======== DATA PROVIDED ========
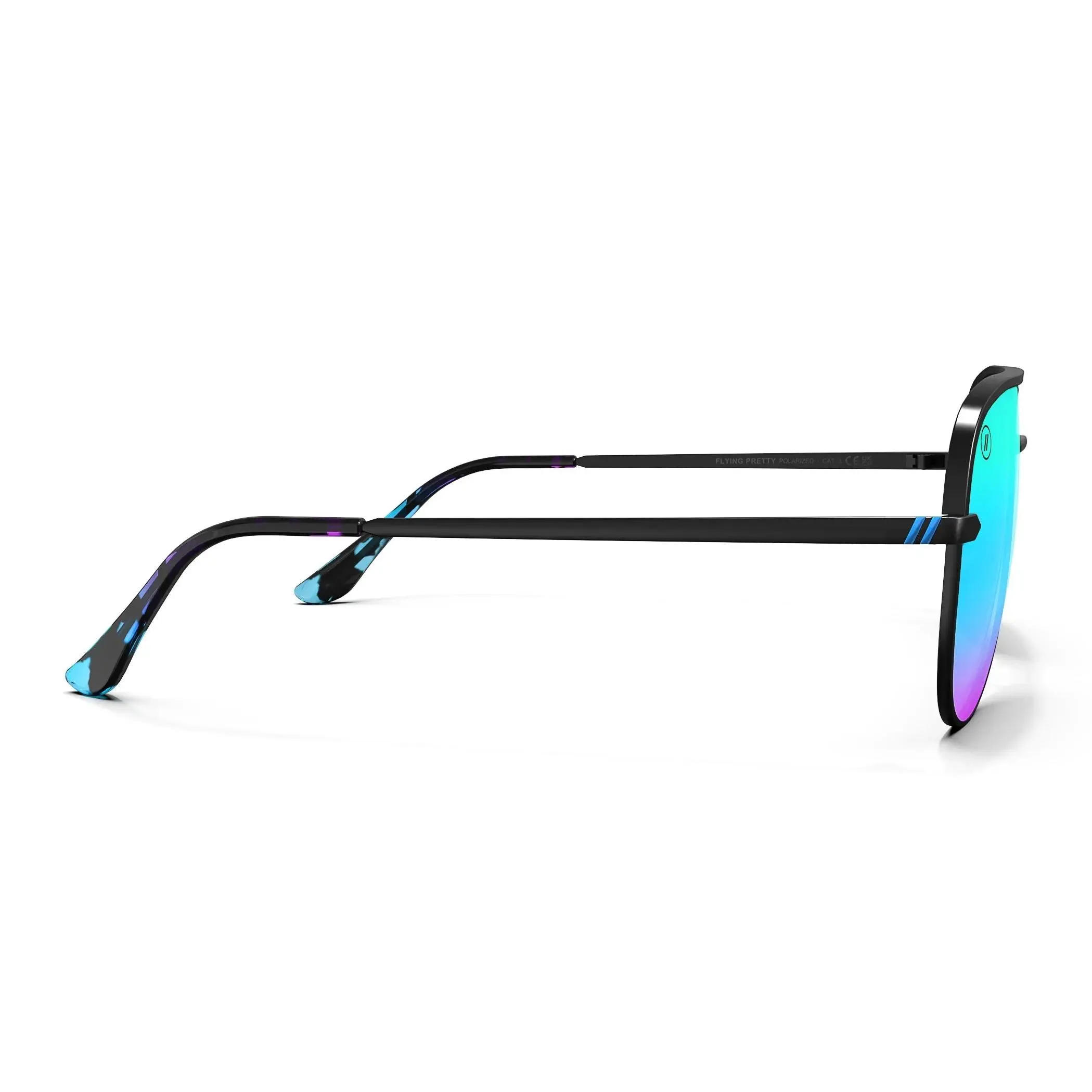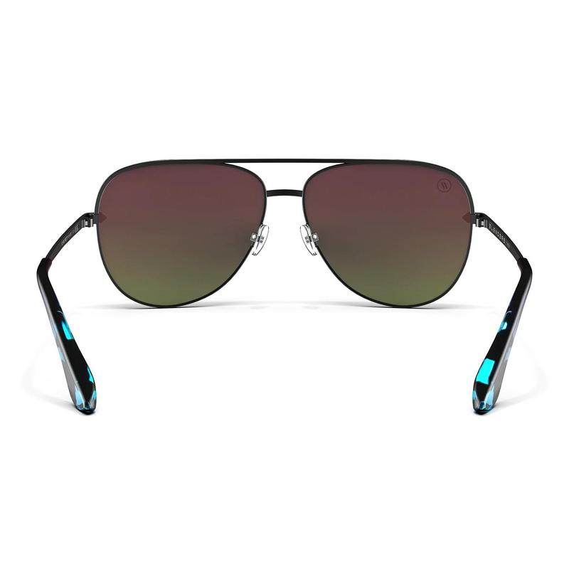 The Flying Pretty aviator sunglasses from Blenders Eyewear are designed to elevate your style with their bold and vibrant aesthetics. Featuring a matte black frame, polarized purple and blue mirrored lenses, and tortoise-printed temple tips, these sunglasses offer both fashion and functionality.
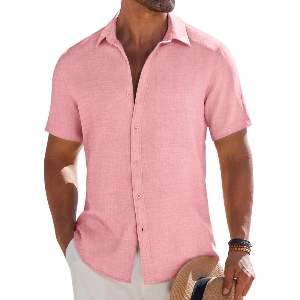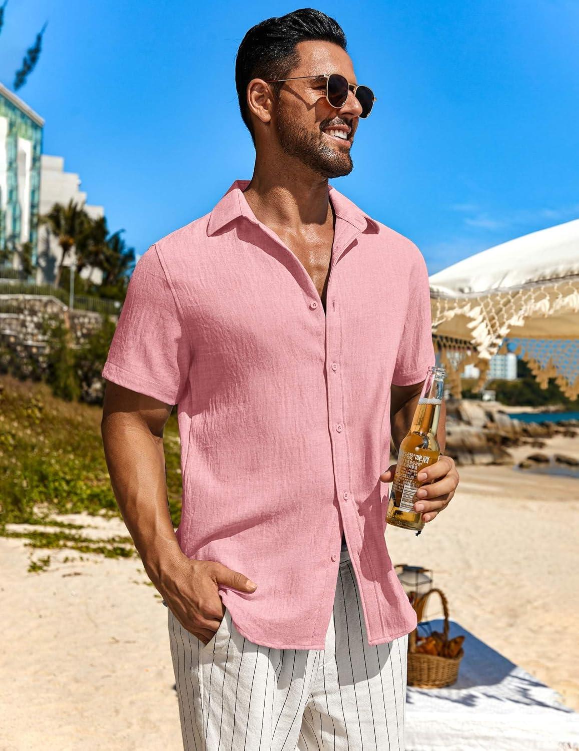 COOFANDY Mens Button Down Short Sleeve Shirt Casual Beach Shirt Summer Vacation Textured Shirts(Pink)
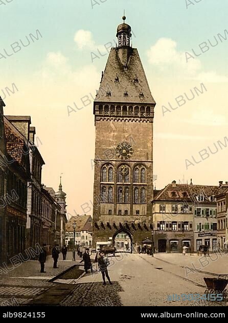 Altpörtel; the western gate of the city of Speyer; Rhineland-Palatinate; Germany; c. 1900; Historic; digitally restored reproduction of a photochromic print from the period; Europe.
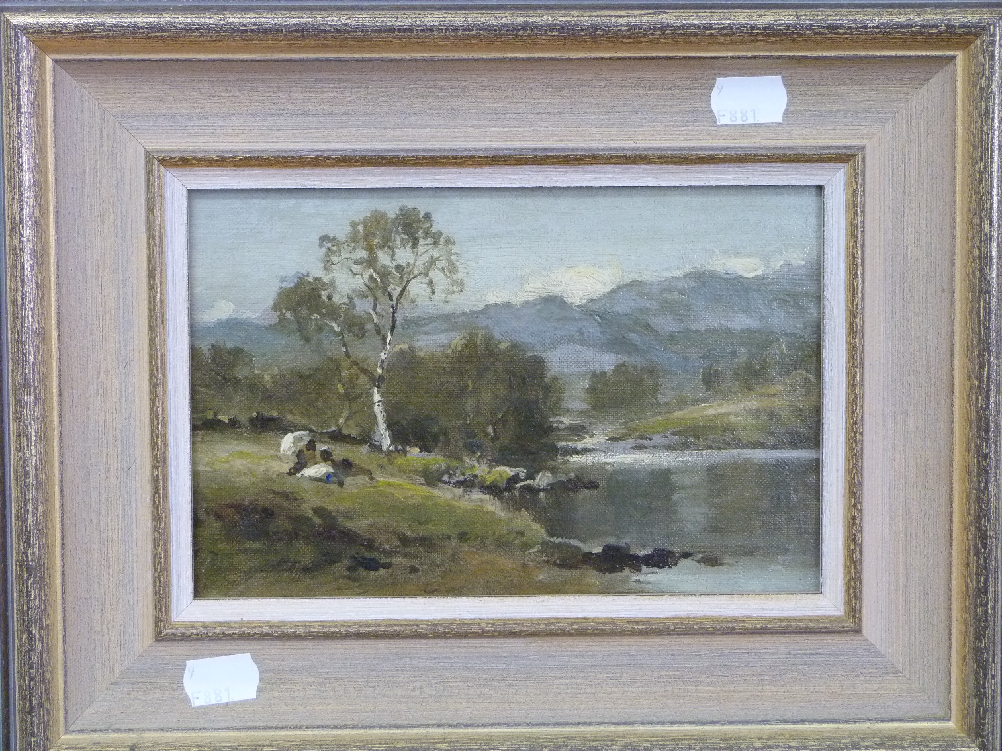 | Figures on a riverbank in a mountainous landscape | |
========
= WHAT THE TASK REQUIRES =
No picture should be included when the data are set down again exactly.

= TASK RESPONSE =
 The Flying Pretty aviator sunglasses from Blenders Eyewear are designed to elevate your style with their bold and vibrant aesthetics. Featuring a matte black frame, polarized purple and blue mirrored lenses, and tortoise-printed temple tips, these sunglasses offer both fashion and functionality.
 COOFANDY Mens Button Down Short Sleeve Shirt Casual Beach Shirt Summer Vacation Textured Shirts(Pink)
 Altpörtel; the western gate of the city of Speyer; Rhineland-Palatinate; Germany; c. 1900; Historic; digitally restored reproduction of a photochromic print from the period; Europe.
 | Figures on a riverbank in a mountainous landscape | |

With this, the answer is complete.